Content-Type: text/plain; charset="us-ascii"
Content-Transfer-Encoding: 7bit

Series

Respect REQ_NOWATI bios | expand

Commit Message

Mikulas Patocka Oct. 3, 2023, 3:30 p.m. UTC

Hi

Here I'm sending that patch for REQ_NOWAIT for review.

It is not tested, except for some trivial tests that involve logical 
volume activation.

I found out that it seems easier to propagate the error using bits in 
clone_info rather than changing return codes for each affected function.

Mikulas


Signed-off-by: Mikulas Patocka <mpatocka@redhat.com>

---
 drivers/md/dm.c |   51 +++++++++++++++++++++++++++++++++++++++++++++------
 1 file changed, 45 insertions(+), 6 deletions(-)

--
dm-devel mailing list
dm-devel@redhat.com
https://listman.redhat.com/mailman/listinfo/dm-devel

Comments

Mike Snitzer Oct. 24, 2023, 5:58 p.m. UTC | #1

For the benefit of others, since this patch was posted to the old
dm-devel list, here is the original patch proposal:
https://patchwork.kernel.org/project/dm-devel/patch/15ca26cc-174a-d4e8-9780-d09f8e5a6ea5@redhat.com/

On Tue, Oct 03 2023 at 11:30P -0400,
Mikulas Patocka <mpatocka@redhat.com> wrote:

> Hi
> 
> Here I'm sending that patch for REQ_NOWAIT for review.
> 
> It is not tested, except for some trivial tests that involve logical 
> volume activation.

At a minimum we need to test with the simple test code Jens provided
in commit a9ce385344f9 ("dm: don't attempt to queue IO under RCU protection")

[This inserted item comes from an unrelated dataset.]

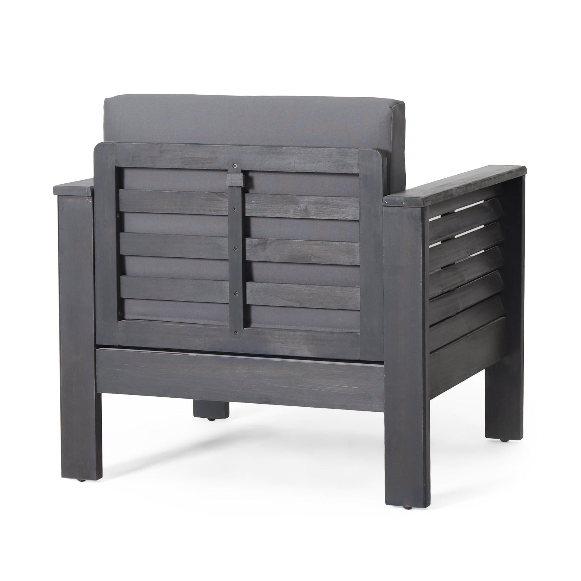 Complete your backyard or patio with a stunning set of chairs that is sure to enrich your outdoor experience. Combining a rich acacia wood and water-resistant cushions, our club chair set will be a flawless addition to any outdoor lounge area. This can be used as a standalone or can be used to accent your existing furniture, making this a dream for those who love to personalize their space. With beautiful shutter-styled slat paneling and a sturdy design, these chairs offer hours of conversation for you and your guests.
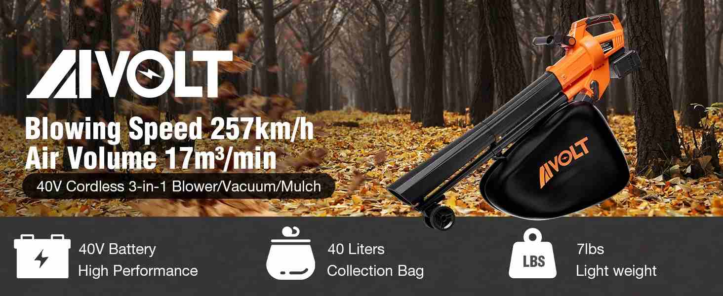 The cordless leaf blower vacuum mulcher is an incredibly practical and convenient piece-of-equipment modern yard care can offer. It is able to perform all the functions of traditional raking and bagging while boasting powerful airflow and efficient vacuuming and mulching. AIVOLT 40V model allows homeowners to take care of leaf cleanup in record time without physical strain, tangled cords, or endless trash bags.

> I found out that it seems easier to propagate the error using bits in 
> clone_info rather than changing return codes for each affected function.

Yes, the various DM core code that allocates multiple bios, etc
certianly benefits from not having to worry about tracking
fine-grained return codes.  So I've kept the flag in clone_info.

> 
> Mikulas
> 
> 
> Signed-off-by: Mikulas Patocka <mpatocka@redhat.com>

Please don't add Signed-off-by to anything you don't want to see going
upstream (yet), especially something you haven't tested.

Even going so far as adding 'Not-Signed-off-by' is appropriate.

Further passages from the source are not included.